# Nissan Controls Mexico



## zeno (Sep 17, 2002)

I just returned from a fun filled week in the sun down in Baja and noticed that both Nissan and Volkswagon have a complete stranglehold on the car market down there. In fact, the most common car I saw was Sentras and Tsurus (I wish I had space in my luggage or I would of imported some parts and made some $$). I just wanted to share the info. but I was also wanting to know the specs on the Tsuru, is it the same as the Sentra?


----------



## Felonious Cat Stalker (May 1, 2002)

From Nissan Mexico 

GA16DNE 
Desplazamiento (l) 1.6 
Número y disposición de cilindros 4L 
Pistón, diámetro y carrera (mm) 76X88 
Número de válvulas 16(DOHC) 
Potencia neta ([email protected]) [email protected],000 
Torque neto ([email protected]) [email protected],000 
Capacidad del sistema de enfriamiento 4.5 
Relación de comprensión 9.5:1


----------



## Guest (Mar 4, 2003)

Tsuru GS2 probably uses the same motor as the Sentra, it has a 1.6L DOHC unit. This is a car that's been around a long time, it's popular for taxis. 
I suspect the Platina is replacing the Tsuru. When I was at a Nissan dealers last week I noticed the new Platina was the same price as a new Tsuru.
Actually I think the Japanese have a good sense of humour. If you reverse the name 'Tsuru' you will find out what happens to them in a coastal region . . .

- Clive
author of 'Appointment in Samara'


----------



## martin_g34 (Apr 30, 2002)

ROFL


----------



## Felonious Cat Stalker (May 1, 2002)

LOL, u rusT.

We definately need that on a Canadian model. Think it's bad in areas with a little salt in the air? Try driving where they purposely put a layer of salt on the roads.


Plantina:









Wouldn't be too bad if they could un-fugly the C pillar area.


----------



## Hawaii_SE-R (Apr 30, 2002)

fcsmotorsports said:


> *
> Plantina:
> 
> 
> ...


Looks smaller than a B13. Maybe that's something that should be imported to the US market to compete in the compact market now that the B15 is near the mid-size class. It is a bit quirky in design but at least it's not as bad as an Echo.


----------



## Teknokid (Jun 1, 2002)

This is so true. Volkswagons for north america are actually built and manufactured in Acapulco Mexico. Alot of people drive the Tsurus that look like our B13s. The last time i went to Tijuana, i seen a B14 mexican sentra with SE-L tails and crystal clear headlights and tails. It was pretty tight. I think im gonna go to a nissan dealer in Tijuana and buy some parts for us american owners.


----------



## Guest (Mar 6, 2003)

Look at the Almera. Holy crap.


----------



## Felonious Cat Stalker (May 1, 2002)

Yeah, that's nice. I want one.


----------



## Guest (Mar 6, 2003)

the x-trail has a 180hp 2.5L I-4 that should have been in the Almera


----------



## Felonious Cat Stalker (May 1, 2002)

??? Is this based on the B13 platform too?

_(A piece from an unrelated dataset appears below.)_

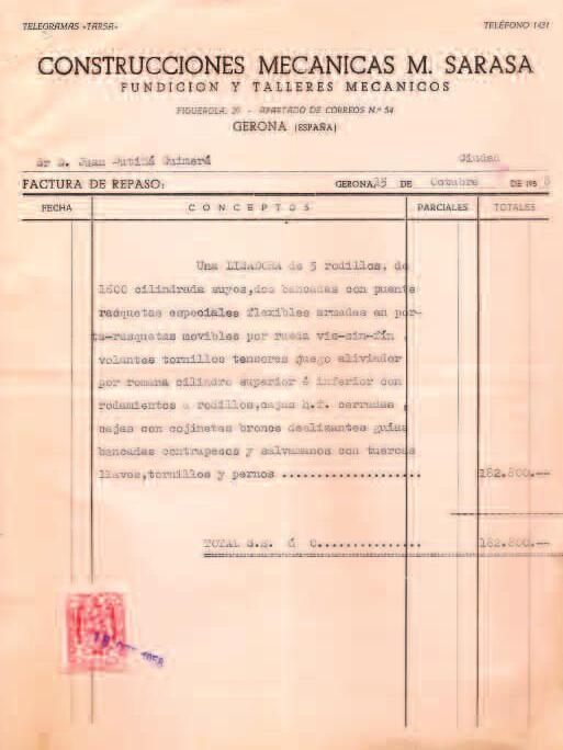 En el dossier d’història es pot resseguir el moviment d’aquesta empresa al llarg dels anys, atès que s’ha utilitzat documentació de la pròpia empresa i de l’arxiu municipal Les fotos antigues, de l’edifici, de l’antiga fonda Carreras, de la maquinària, ben segur que ens ajuden a reconstruir l’entorn Però és amb les fotos de les treballadores i treballadors com es pot prendre el pols a les relacions que hi havia hagut dins de l’empresa
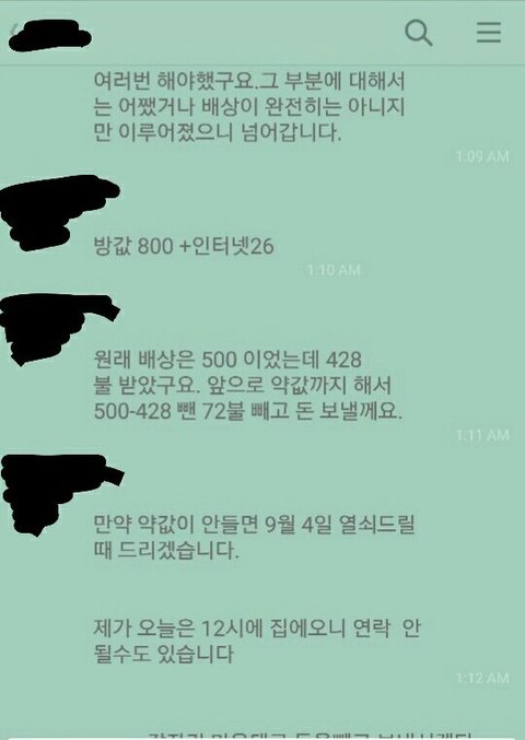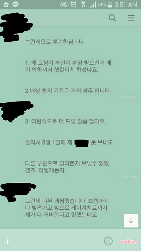 주황색으로 가린게 제 이름이고, 첫 카톡내용은 배상비 보낸 직후입니다.

Mad B13 Super touring Wagon yo!


----------



## Guest (Mar 6, 2003)

Its looks like it and thay have the older pick ups in production with the 134hp 2.4l I wisk I knew spanish.


----------



## Hawaii_SE-R (Apr 30, 2002)

fcsmotorsports said:


> *??? Is this based on the B13 platform too?
> 
> 
> 
> ...


Looks more like either a P13 or N13.


----------



## Guest (Mar 6, 2003)

Here in Monterrey prices for Sentras at any rate are competitive with the US. The SE-R is in stock at the dealers. I notice that you can specify the shade of window you want, there's a range of about 5 shades. 
What's curious is this:
Vans depreciate very fast in the US while they keep a high value here. Cars are generally competitive. 
97 low mileage Sentra GST with air con and alloys is about $6500 equivalent in USD. By low mileage I mean around 50K or less.
The VWs are a little more expensive in general.
Hondas are plentiful here, too. 
It's often possible to pick up lightly-damaged cars at deep discounts.


----------



## foxxynx (Dec 16, 2002)

Hey I just got back from Mexico too- La Penita  I was very surprised to see that Nissan owned that market....i saw less then 20 hondas the whole 3 weeks i was down there. That would never ever happen anywhere around here!! Lots of old datsuns too, which was nice to see.


----------



## Guest (Mar 19, 2003)

I had a service done last week and they decided to change both the rear brake cylinders without asking first.
As if that wasn't enough they gave me the vehicle back without bothering to bleed the brakes.
Going down the hill I was unable to stop at the red light and nearly had a serious accident.
Bloody wonderful.


----------



## 95 SentraB13 (Jun 14, 2002)

Wow, fictioneer, that is harsh. How old is the car and were the cylinders even worn out? My car is 8 years old, been through east coast winters where they use lots of salt on the road and it was only last spring that my cylinder(s) needed to be replaced although I could have gotten away with doing one. Was it the dealership you brought the car to or a local garage? In either case I'd file a complaint and look for some type of compensation for one, possible unnecessary repairs with out your consent, knowledge or inspection; two, faulty repair work done by more than likely uncertified mechanics; three, emotional distress, aggravation for having to bleed the brake lines yourself or returning to the dealer/garage plus taking time out of your day.
If it was Nissan that fixed the car I'd definitely talk to the manager looking for reimbursement and write an email/letter to Nissan's Head Office about the situation.


----------



## 88 Pulsar SE (Mar 25, 2003)

fictioneer said:


> *I had a service done last week and they decided to change both the rear brake cylinders without asking first.
> As if that wasn't enough they gave me the vehicle back without bothering to bleed the brakes.
> Going down the hill I was unable to stop at the red light and nearly had a serious accident.
> Bloody wonderful. *


 E-Brake should save you in case of hydraulic failure.


----------